How to Turn User Feedback into Actionable Next Steps
5 min readYou Have User Feedback. Now What?
Congrats! You’ve completed a vital part of creating easy-to-use digital products—you observed and interviewed real people who use your site or app. Now that you have their feedback, it’s time to digest and analyze it, compare it to already existing data, and create a strategic plan of attack.
Getting Close and Personal with User Feedback
Analyzing user feedback is key to making confident, purposeful improvements.
Never take what users say at face value.
Users are bad at predicating how they’ll interact with digital products, and they’re not experts so they can’t tell you how to properly fix a problem. It is your job to interpret what they want through their actions and words. Preferably, you would have observed users interact with your product in their natural environment. It’s easier to understand and interpret their pain when
you see it first-hand. If you only talked to users, you’ll have to do a lot more interpretation and guesswork.
Identify patterns in behavior.
Pay close attention when multiple users agree on common pain points. When people share the same struggles, you’ve found something that needs to be addressed. Fixing these problems will likely bring your product the most value. When looking for patterns,
watch for workarounds. People reveal a great deal about the deficiencies in your site or app by how they creatively overcome barriers. Compare what you learn from interviews and observations with existing analytics data. This will further clarify
key themes, making it more evident what you should consider improving.
Organize key feedback.
Once you’ve identified patterns, consolidate and document feedback into a simple, easy-to-reference format. This can be more or less detailed depending on your project’s timeline and budget.
- Name and Describe the Problem
- Assess Severity — E.g., high, medium, or low.
- Show Evidence — Identify qualitative data (e.g., interview or observation data) or quantitative data (e.g., analytics, high-volume surveys, or usability test results) that supports your conclusion.
- Categorize Feedback by Type — E.g., content, interaction, design, functionality.
- Identify a Solution — If you have project budget, sketch an early idea.
Create documentation that can be referenced internally.
User feedback will be referenced over and over by your team. If you leave disparate, unorganized notes, your team will have a difficult time deciphering or remembering what you learned during user sessions. Even in an iterative process where you talk
to users and fix things on the fly, you’ll want to create simple, rapid-fire reference material.

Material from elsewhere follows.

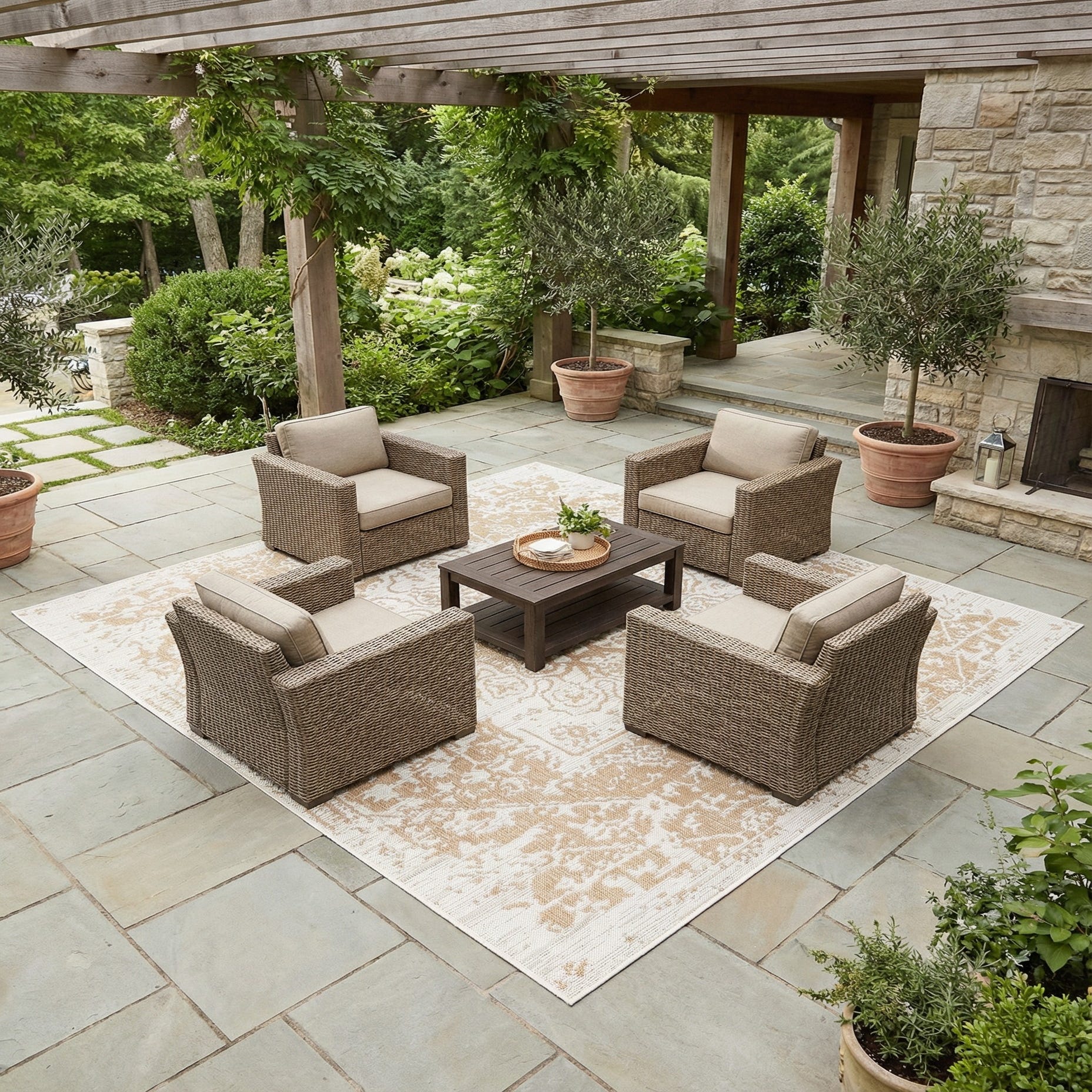 Given its design and construction, this area rug is ideally suited for outdoor areas such as patios, decks, or poolside spaces, as well as high-traffic indoor spaces that require easy maintenance. The neutral beige and brown hues allow it to blend seamlessly with wood, wicker, and other natural materials, and it complements a broad range of decor styles, from traditional to modern.

Present your findings to prove the value of user research.
Stakeholders and leaders always have ideas about digital product direction and design. These ideas are usually internally focused which means they are rarely good for users. If you’re facing pushback or inertia from stakeholders or team members, prove the value of your ideas by presenting documented user research findings.
The data that you’ve gathered and organized is hard evidence of digital product flaws and their effect on business. Use it to create a solid, supported argument for user-centered product improvements. Even better, walk stakeholders through your process. Explain how you learned what the organization would have otherwise been unaware of. Persuading stakeholders and team members is far easier with proof, and you’ll have an abundance of it.
Use feedback to measure progress toward goals.
You can’t understand how well you’re reaching your product goals if you don’t measure against them. With user feedback in hand, you have evidence that proves how your product is performing. When comparing feedback to your goals, different types of data might be more suitable than others.
If you have a goal like “Lessen User Frustration,” direct observations, conversations with users, and survey results will be the best data source. If you have a goal like “Lower Help Center Call Volume or Call Time,” then call center analytics are your best bet.
If you show leadership that substantive progress is being made toward strategic goals, you are far more likely to get more budget for further research activities. You’ll also gain credibility to help you persuade internal stakeholders to align their
opinions to what’s best for users.
Fix high value, low effort items first.
When planning next steps, focus on the improvements that will bring the most value to your users and will be the easiest to implement. If the issue has a high severity rating but is easy to fix, then that’s a prime opportunity for changes that will greatly benefit users.
However, don’t write off high-severity, high-effort items just because more resources will be required. If an issue badly affects your users’ experience and puts a dent in the bottom line, you’ll need to devote time and attention there
no matter what. You’re looking for clarity. If you must expend effort, you must know why you are doing it and how it brings value to the organization.
Keep the Feedback Coming
When it comes to user feedback, the most important next step is to never stop doing it. A user-centered perspective backed by data will help you make the decisions and adjustments that work best for your organization. Fixing things changes your product,
which means you need more feedback to keep evolving.
Don’t stop the feedback train—make user research an ongoing, regular part of your process. You can never learn too much from users and their feedback will always steer you toward a better, more usable digital product.